There are basically two approaches for a system to decide whether an incoming message is spam or not. One is to check on the sender's address, the other is to analyze message content and structure.

Filtering by the sender's address

Black list
Most spam originates from a limited number of addresses. In most cases, they belong to otherwise harmless machines taken over by spammers. By rejecting mail sent from these addresses, you can also help the operators of such abused machines. Though they may have to go through a hard time, they may finally change their configuration, which will reduce overall spam threat.

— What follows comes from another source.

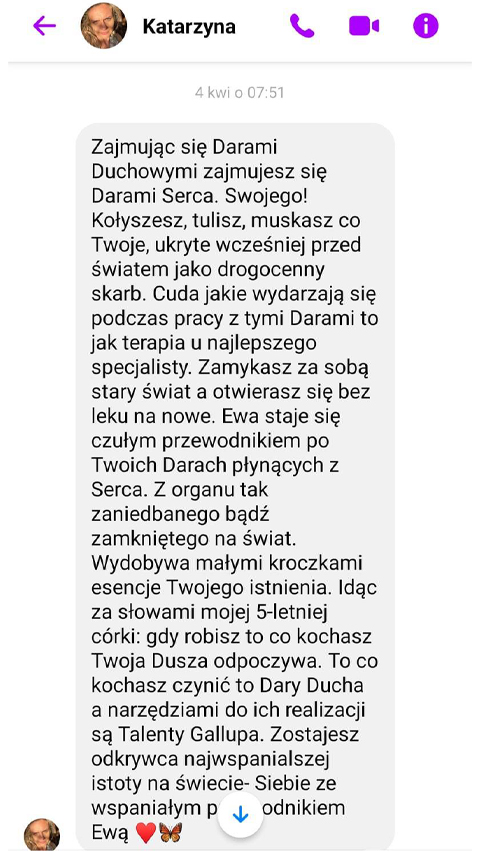 • Jedna sesja z Trenerem Mocnych Stron (1×90-minutowa sesja dedykowana do pracy w obszarze - talenty Gallupa, talenty ducha)

A simple way to configure a spam filter is to set up a list of rejected  addresses in a configuration file. This is the black list, which will then requires ongoing manual maintenance.

White list
If you decide not to accept mail sent from unknown locations, you can set up a list containing all your mail partners, and then program the spam filter to reject all mail coming from unlisted addresses. Such a  list is called a white list. Senders of rejected messages will be informed automatically about how to get onto the white list or what other contact (e.g. alternative e-mail address) is available.

Realtime Blackhole List (RBL)
An RBL list contains IP addresses which were used - directly or indirectly - to send spam. Such lists are available on the internet and maintained continuously. Before accepting a message, the server checks if the sender's IP address is on an RBL, and, if it is, the message will be rejected.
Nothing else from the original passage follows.